-- Exercise goal --
With the pictures left out, retype exactly the lines below starting at the line that contains "В комплект весов" and ending at the line that contains "Multicolor Gold Plated".

-- Supplied data --
[Start of Attachment]
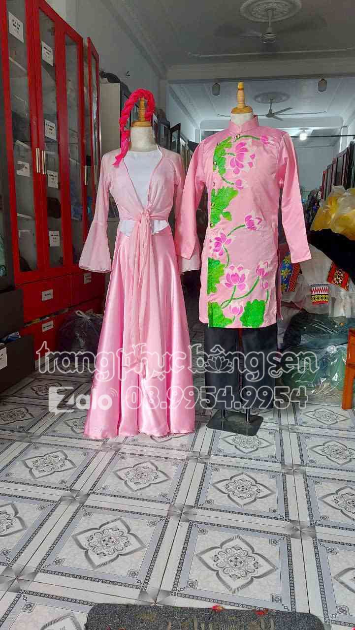 Trang Phục Bông Sen đã đưa thêm một phần quyến rũ và phần nghệ thuật vào trang phục tứ thân truyền thống. Với chất liệu vải lụa mềm mại, màu lụa hồng phấn ngọt ngào và yếm sen tươi tắn , chiếc áo tứ thân này trở thành một sự lựa chọn đẳng cấp cho các tiết mục biểu diễn văn nghệ. Khi bạn thuê tại Trang Phục Bông Sen, bạn không chỉ mặc một chiếc áo đẹp mắt mà còn cảm nhận được sự nâng tầm và quyến rũ trong mỗi bước biểu diễn.
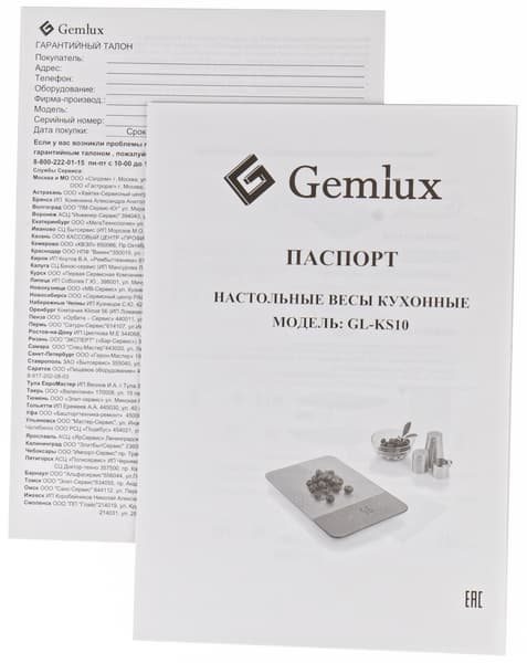 В комплект весов входит также гарантийный талон со списком авторизованных производителем сервис-центров.
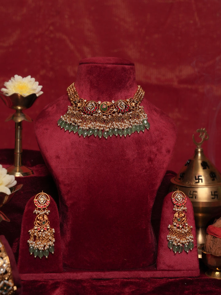 Multicolor Gold Plated Jadau Kundan Necklace Set - MS2673M
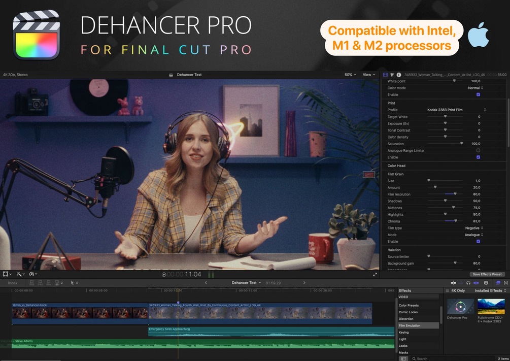 Dehancer PRO for FCPX with 60+ film profiles, Halation, Bloom, Grain, and other analog tools. Create unique film looks and forget the rules.
[End of Attachment]
-- Exercise solution --
 В комплект весов входит также гарантийный талон со списком авторизованных производителем сервис-центров.
 Multicolor Gold Plated Jadau Kundan Necklace Set - MS2673M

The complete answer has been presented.